The answers to these three questions will help me determine what to buy.

  • 1
    It sounds like your first question is "what makes air in a room comfortable?" If you have lingering physics or engineering questions on how to achieve that, get to those later.
    – djechlin
    Jul 16, 2014 at 0:04
  • That actually seems like an apt summary of my questions, thanks! Though I wouldn't have any idea of where to ask that question either..
    – KJdev
    Jul 16, 2014 at 0:19
  • 1
    #2 feels like it's really just a weather question. The formulae for heat index & wind chill are meteorological calculations that convert the measured temperature to the perceived temperature. I think meteorology is considered on-topic for Earth Sciences?
    – AMtwo
    Jul 6, 2023 at 21:27

2 Answers 2


I can address this from the perspective of the physics site, to say that question #1 seems like it could be on topic for us but #3 is probably not. Thermal properties of a real house are a matter of civil engineering. If you were to ask about the effect of relative humidity on heating of an object, without getting into too much detail about what that object is, then it would be, um... less unlikely to be on topic at Physics, but I could see that going either way.

Naturally this can depend on how exactly you phrase the questions. In particular, if it comes across as though you're looking for a shopping recommendation or design/construction advice, that's probably going to be off topic.

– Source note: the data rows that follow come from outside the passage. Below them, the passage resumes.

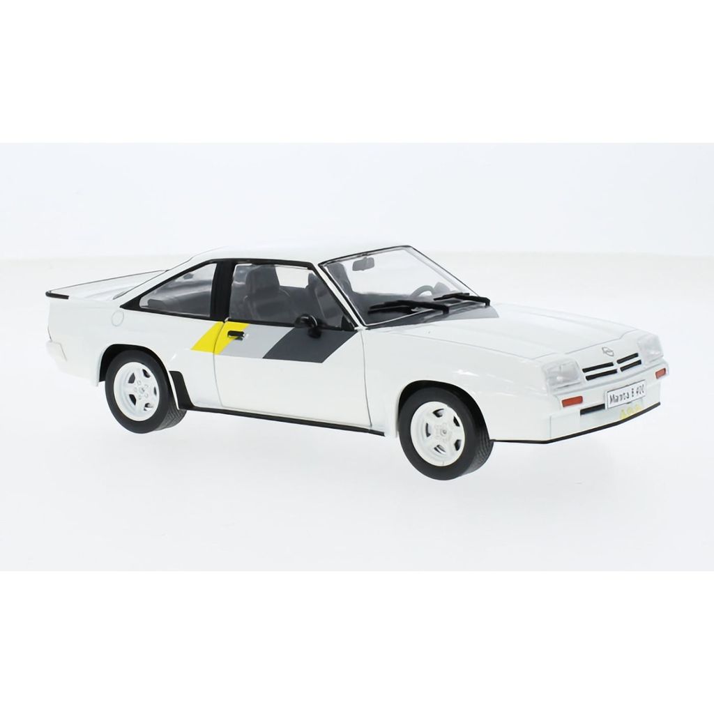 Opel Manta B 400 fra 1981 som modelbil. Hvid lak med gul, grå og sort dekoration.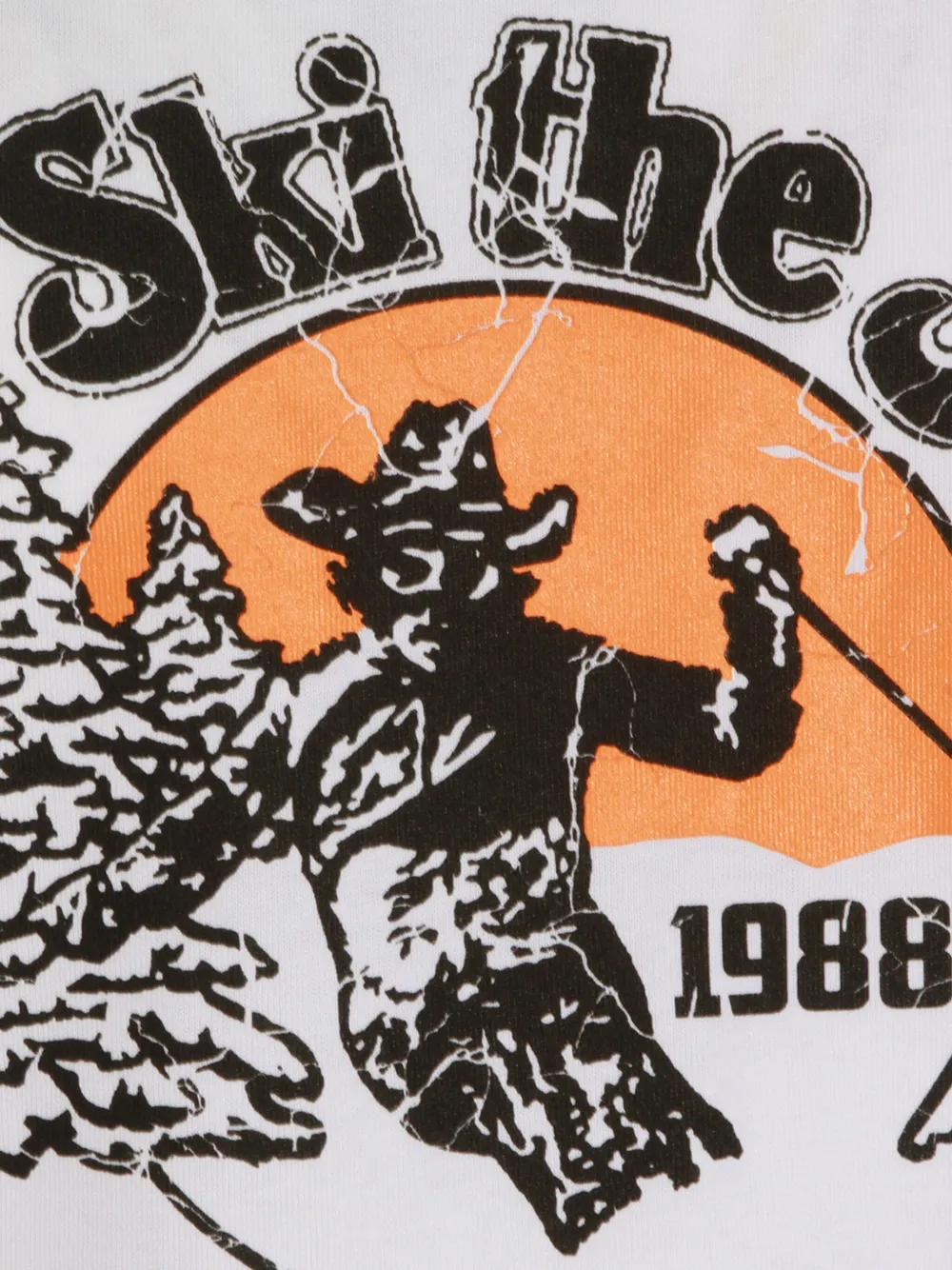 белая футболка с графическим принтом, круглым вырезом и короткими рукавами из хлопка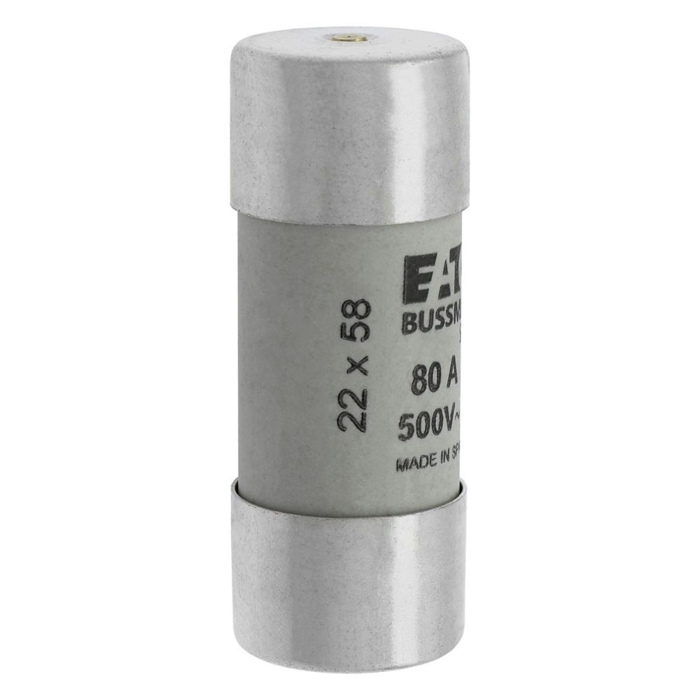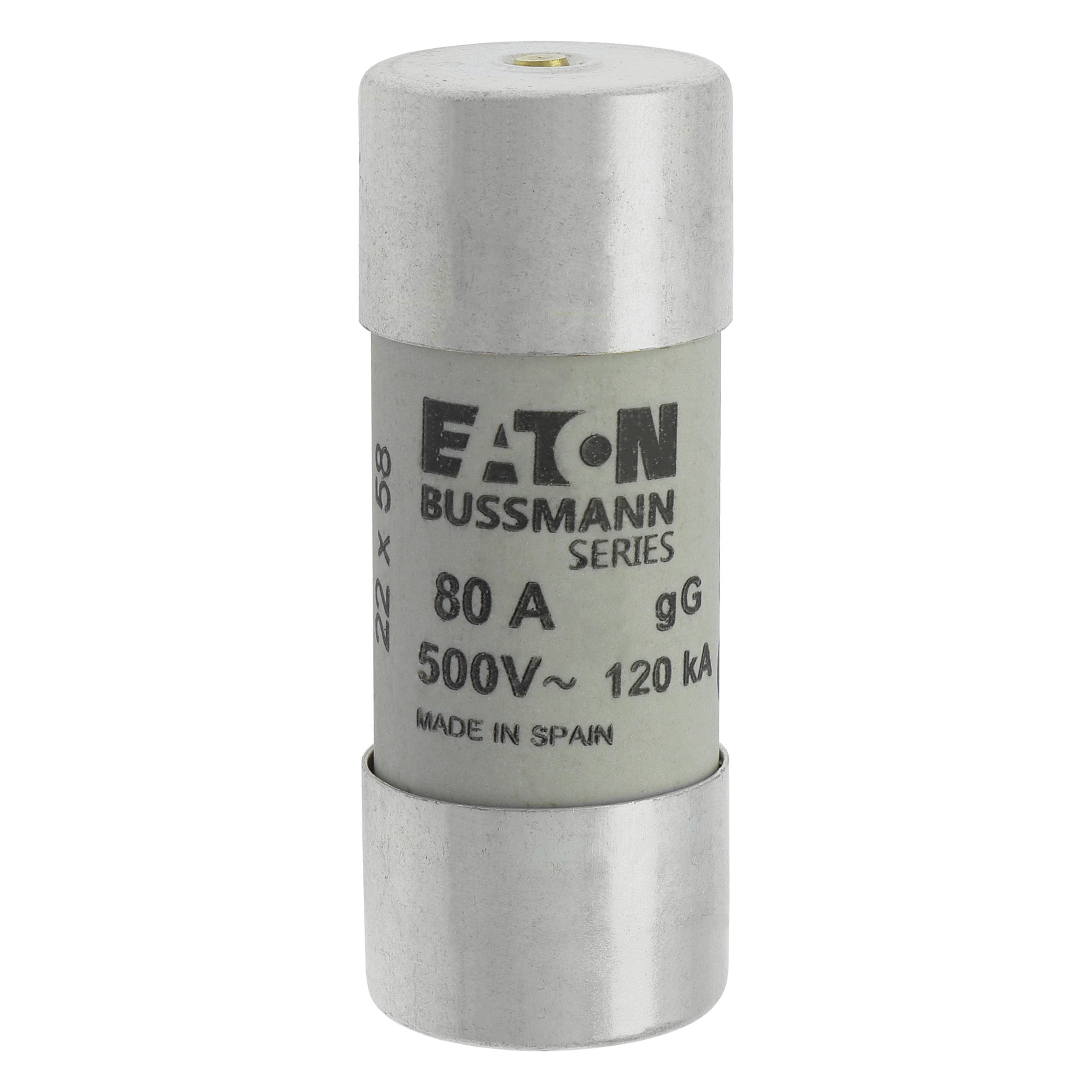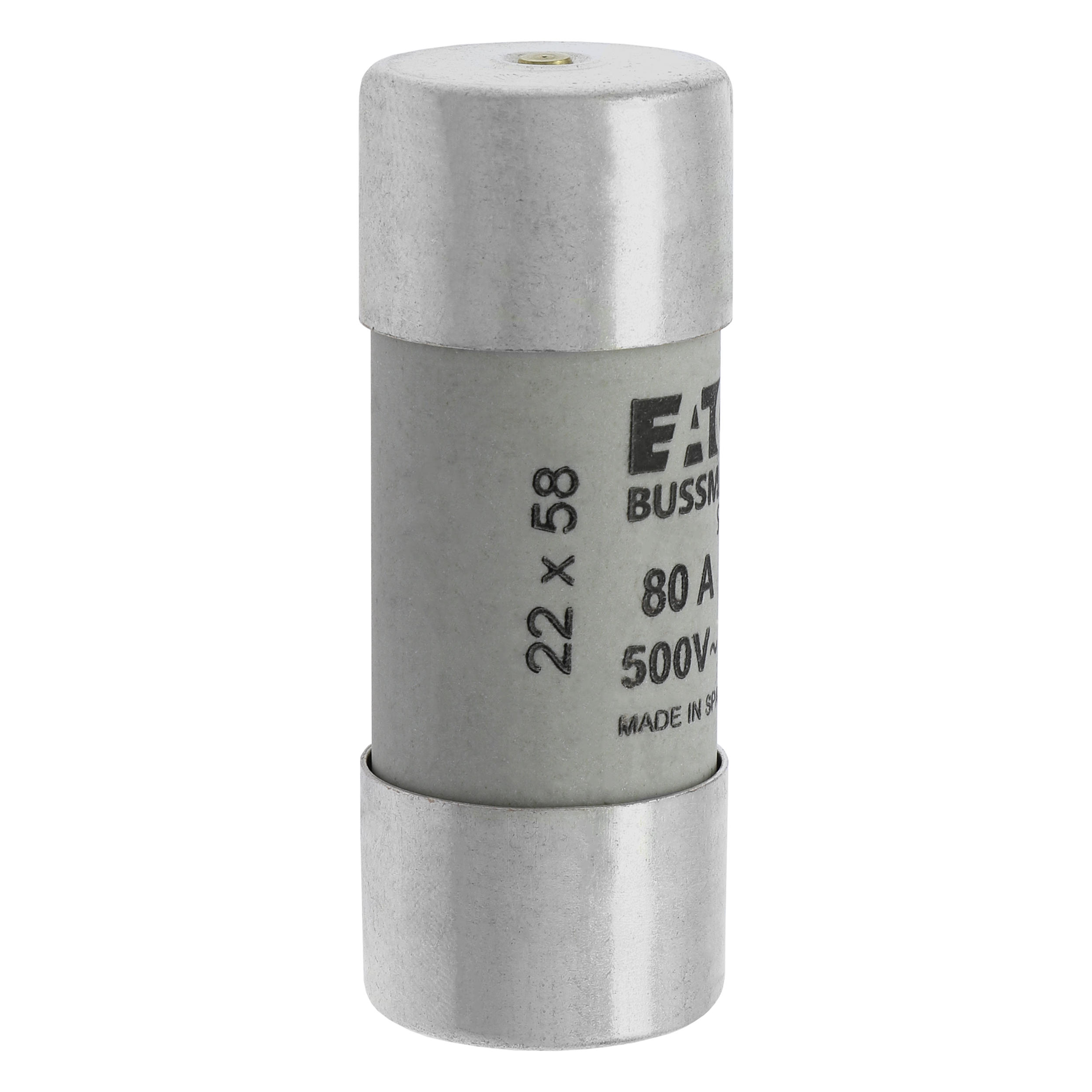 zekering, zekeringelement, laagspanning, 80 A, AC 500 V, 22 x 58 mm, gL/gG, IEC, met slagpin, cilindrisch, IEC 60269-2, afschakelvermogen 120 kA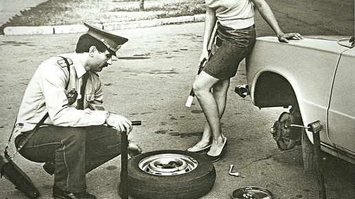Как вообще люди ездили в те времена? Сейчас пожаловаться любим – то дороги плохо почистили, то реагенты не те используют. А тогда выезжать зимой на дорогу было равносильно участию в каком-то экстремальном ралли. Причём участвовали в этом "ралли" поголовно все – от водителей грузовиков до обладателей личных Жигулей. Потому что зимней резины в привычном понимании этого слова в СССР попросту не существовало. Вот вообще. И приходилось выкручиваться, как могли. Дороги чистили выборочно. В Москве, Ленинграде – да, старались убирать снег регулярно...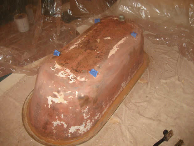 Como mencionamos anteriormente, nuestra bañera tenía varias capas de pintura sobre ella. Si el tuyo está en condiciones similares, usar el raspador de pintura para tira todo lejos de la pintura vieja. Dependiendo de qué tipo de bañera que tiene, puede que desee a la mascarilla y gafas protectoras antes de comenzar. Después de terminar de pelar lejos la mayoría de la pintura, circulan por el exterior con la lijadora eléctrica Palma hasta que todos los de la pintura se ha ido y su superficie es bastante uniforme. Si el exterior de la bañera parece la superficie de Marte cuando haya terminado, no se preocupe. Esto no necesita ser culo de bebé suave--es la parte exterior de la bañera. Utilice el cepillo de alambre y una toalla de papel húmeda para limpiar cualquier exceso de polvo.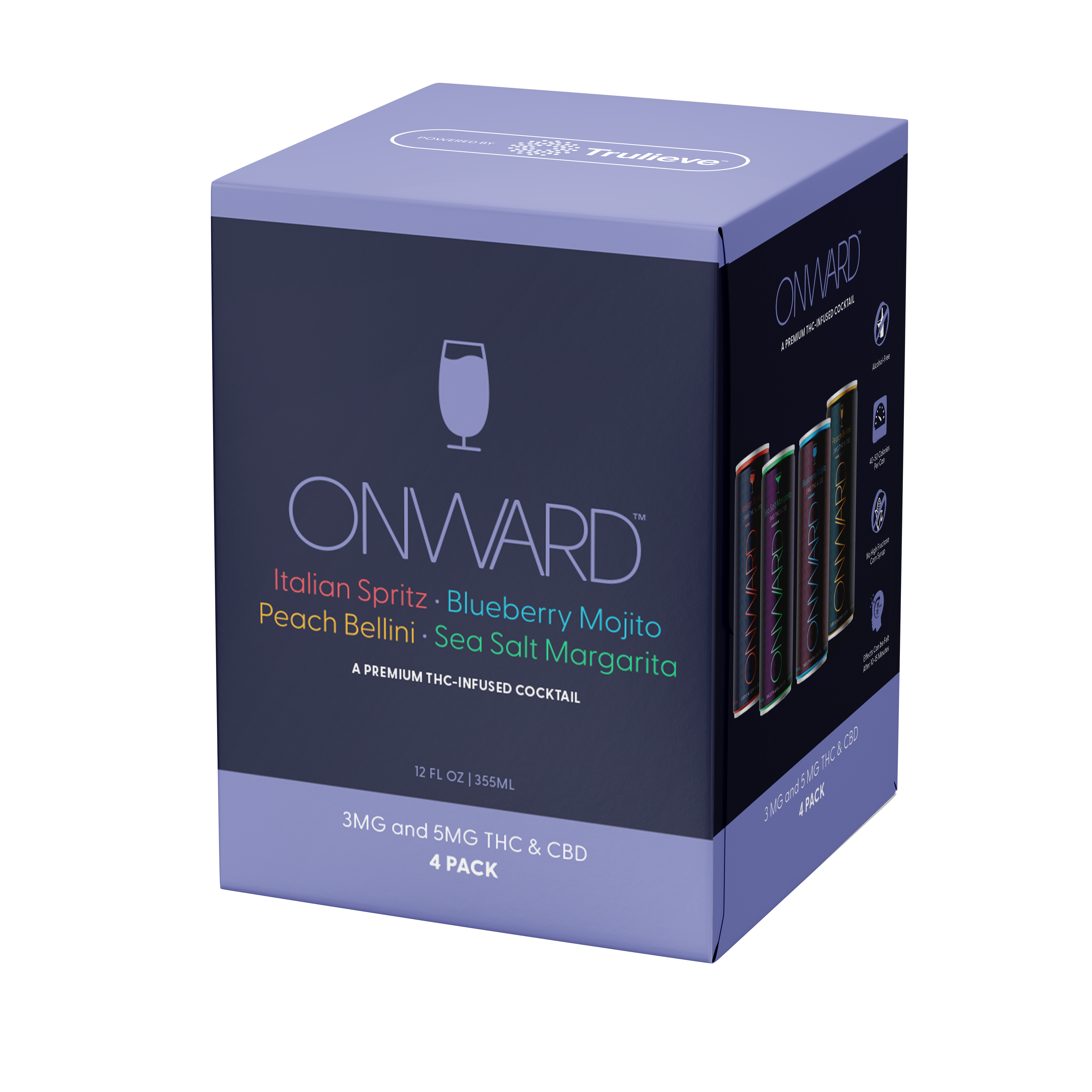 Why choose one when you can try our 3 & 5MG favorites! The Onward Variety Pack brings together four of our premium, non-alcoholic THC & CBD cocktails—Blueberry Mojito, Sea Salt Margarita, Italian Spritz, and Peach Bellini—so you can sip your way through a spectrum of sophisticated flavors.

  • So your suggestion is to split up the questions? Asking about the effect of relative humidity on heating an object (#3) would be the best way to go about this then, as it seems there's no SO site where the civil engineering part would be a fit? (maybe the diy site, but that seems like a long shot) Do you have any advice for #2?
    – KJdev
    Jul 15, 2014 at 18:37
  • 2
    Yeah, definitely split up the questions. The way SE sites work, you should only be asking one question per post anyway. (Also note the clarifying edit I just posted.) I don't know anything more than you do about where #2 would go, sorry.
    – David Z
    Jul 15, 2014 at 19:39
  1. Physics as already stated.
  2. Cognitive sciences perhaps?
  3. Home improvement seems a likely choice.
  • #2, cognitive science because of the neuroscience part?
    – KJdev
    Jul 16, 2014 at 0:16
  • @DaJF Yes, general psychology stuff.
    – C. Ross
    Jul 16, 2014 at 12:50
  • Intuitively I wouldn't say how a human experiences climate is entirely a psychological thing.